An experiment from Purdue University scheduled to be launched on Northrop Grumman’s 19th commercial resupply services mission (NG-19) to the International Space Station (ISS) on August 1 will evaluate new heating and cooling technologies that can withstand the harsh conditions of outer space, specifically pertaining to reduced gravity and extreme temperatures. This will be the second experiment being conducted as part of the Flow Boiling and Condensation Experiment (FBCE), which has been onboard the ISS since August 2021, and holds the potential to help establish a long-term human presence on both the Moon, and eventually Mars.
Engineers recently loading experiments into the NG-19 capsule prior to its August 1 launch, including the second experiment for the Flow Boiling and Condensation Experiment (FBCE) from Purdue University. (Credit: NASA/Danielle Johnson)
“We have developed over a hundred years’ worth of understanding of how heat and cooling systems work in Earth’s gravity, but we haven’t known how they work in weightlessness,” said Dr. Issam Mudawar, who is a Betty Ruth and Milton B. Hollander Family Professor of Mechanical Engineering at Purdue University.
While the first experiment conducted by the FBCE analyzed how reduced gravity affects boiling, which was completed in July 2022, this second experiment will analyze how reduced gravity affects condensation. Both module experiments are slated to stay on the ISS through 2025, which will allow the entire fluid physics science community to use and learn from this data during that time.

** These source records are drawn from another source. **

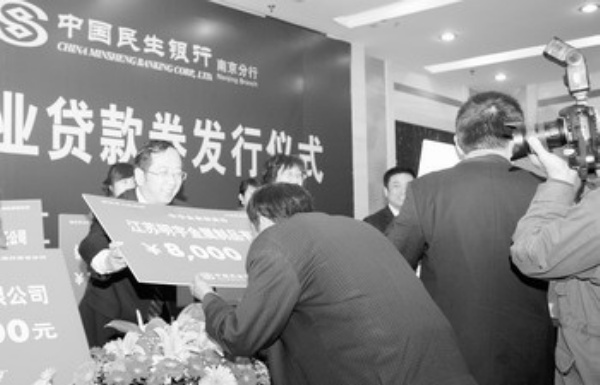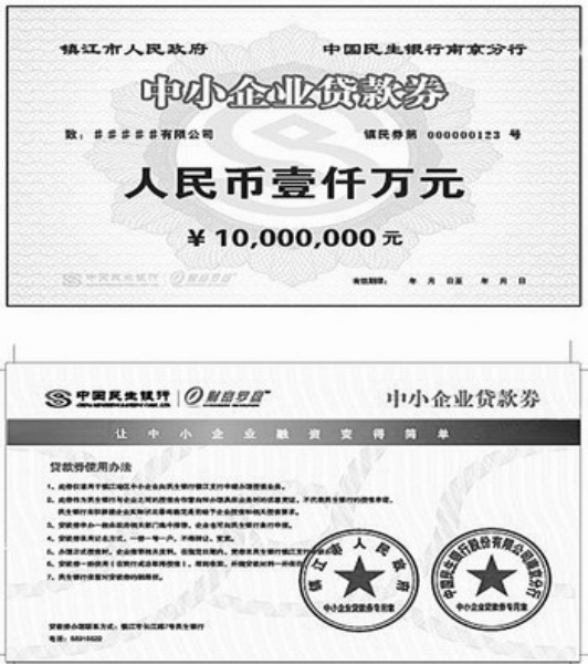 所谓“中小企业贷款券”,是民生银行南京分行联合镇江市政府,向该地区重点支持的优质中小企业发行的银行授信合作意向凭证。自今年4月29日以来,民生银行南京分行已集中发放两期“贷款券”,累计发券金额10.2亿元,实际贷款金额达9.6亿元,使一大批中小企业获得了方便、快捷的信贷服务。
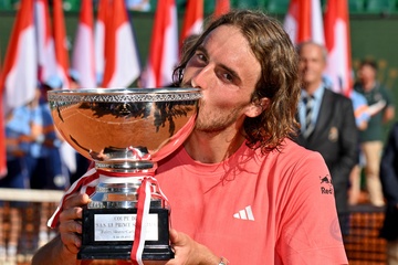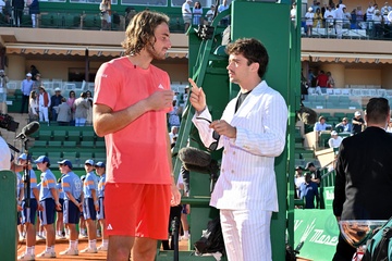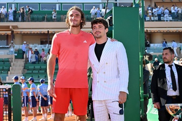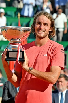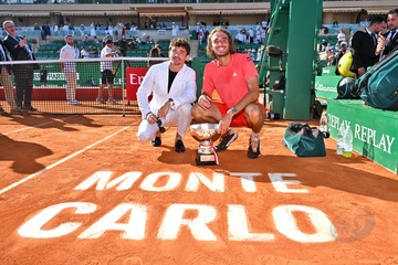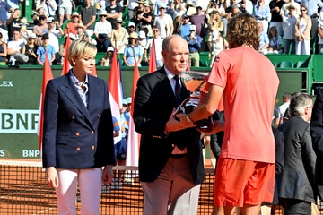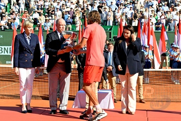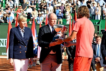 Remise de prix après la finale du tournoi de tennis Masters 1000 de Monte-Carlo à Roquebrune-Cap-Martin (ksiezna Charlene ksiaze Albert Stéfanos Tsitsipas final turnieju tenisowego Masters 1000 w Monte-Carlo w Roquebrune-Cap-Martin)
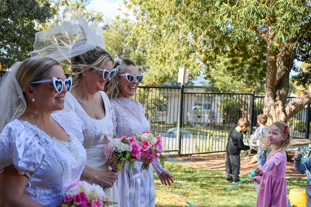 The brides get a bubble show from the children at Bishop Kindergarten. 491723_05
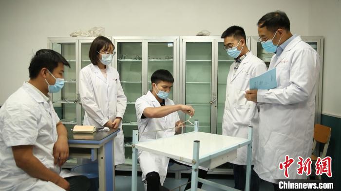 圖為(wei) 學生在進行外科打結考核。(資料圖) 甘肅中醫藥大學第一臨(lin) 床醫學院供圖
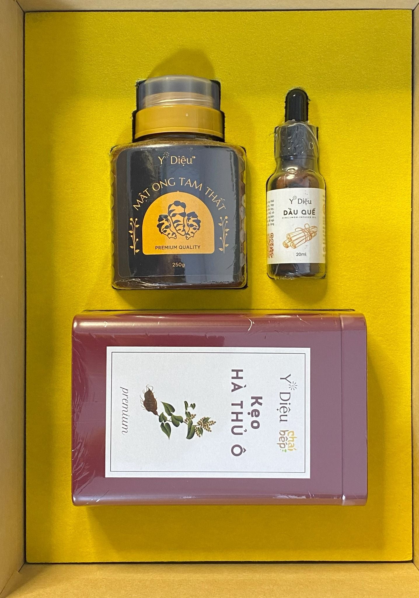 * Kẹo hà thủ ô - Premium thơm ngon hảo hạng là một sản phẩm mới hoàn toàn, được giới thiệu lần đầu tiên trên thị trường, đó là sự kết hợp đặc biệt của các thành phần thảo mộc được bào chế từ Y Diệu và xưởng làm kẹo dừa truyền thống Bến Tre, xưởng Chái Bếp.
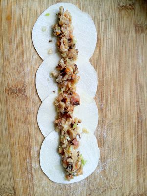 在饺子皮中间位置依次放入饺子馅,注意,太多会卷不起来,适量就好。
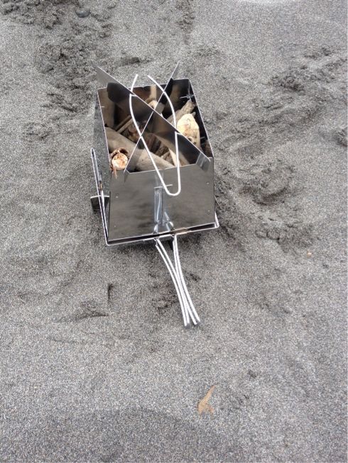 先ほど撤収してきた浜で拾っておいた流木を投入!!
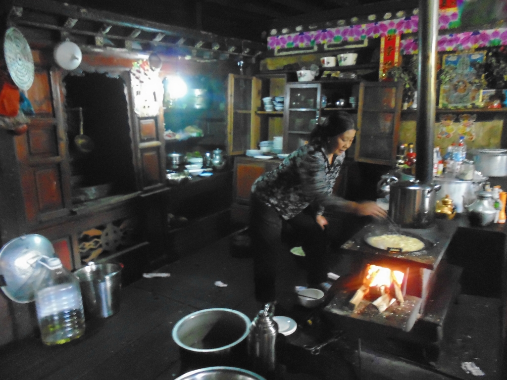 磨磨蹭蹭 最后倒成为最后进滇藏客栈的了 哈哈 格桑妈妈在给我们煮早餐
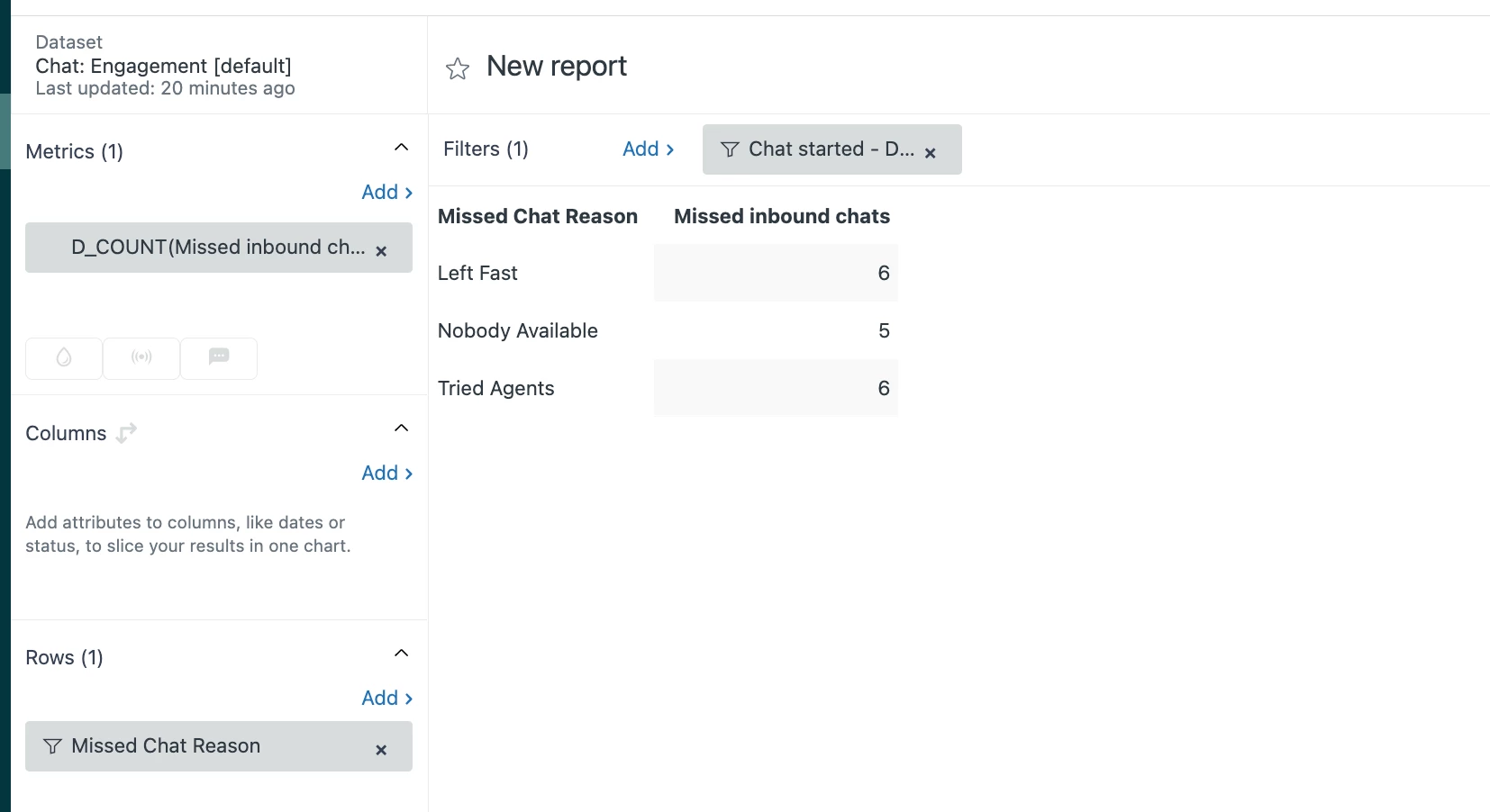 Here’s the end result, the top Metric is Missed Inbound Chats, and I've filtered to a specific time range.
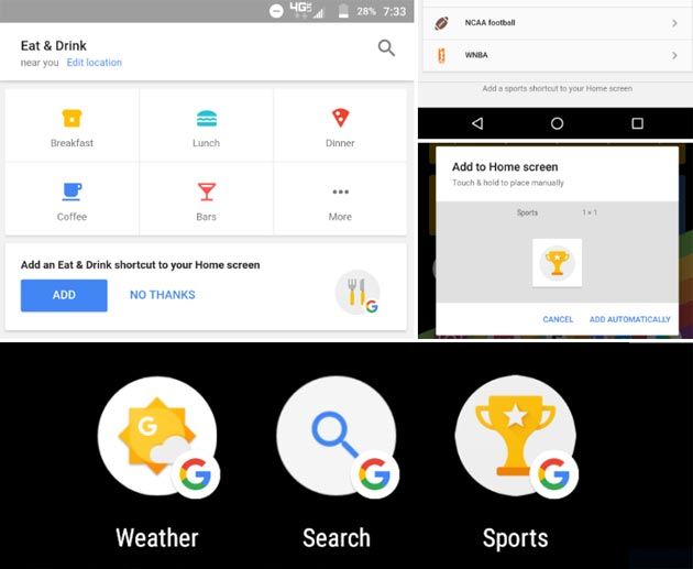 L'app Google su Android Oreo permette di inserire nella Home Screen delle scorciatoie per accedere direttamente a determinate sezioni dell'app.

Video discussing the arrival of the Flow Boiling and Condensation Experiment (FBCE) to the ISS in August 2021
“We are ready to literally close the book on the whole science of flow and boiling in reduced gravity,” said Dr. Mudawar.
This works comes after 11 years of collaborating with engineers at NASA’s Glenn Research Center to design and develop the FBCE hardware so it could fit on the Fluids Integrated Rack onboard the ISS.
In addition to helping future astronauts on the Moon and Mars, this technology could also be used to design better spacecraft for long-term, deep space missions, specifically with nuclear or electric propulsion systems since they will require more innovative designs given their long distances from Earth.
In terms of fluid physics research, FBCE is one of NASA’s biggest and most complicated experiments, and Dr. Mudawar’s team is currently about to publish a plethora of studies discussing all the data that FBCE has collected during its time onboard the ISS. This will add to the more than dozens of papers the team has already published regarding fluid flow in reduced gravity since the start of the project.
“The papers we have published over the duration of this project are really almost like a textbook for how to use boiling and condensation in space,” said Dr. Mudawar.
In the end, the goal is to design the most efficient equipment capable of operating in the one-sixth gravity of the Moon and the one-third gravity of Mars.
What new discoveries will researchers make about heating and cooling in reduced gravity in the coming years and decades? Only time will tell, and this is why we science!
As always, keep doing science & keep looking up!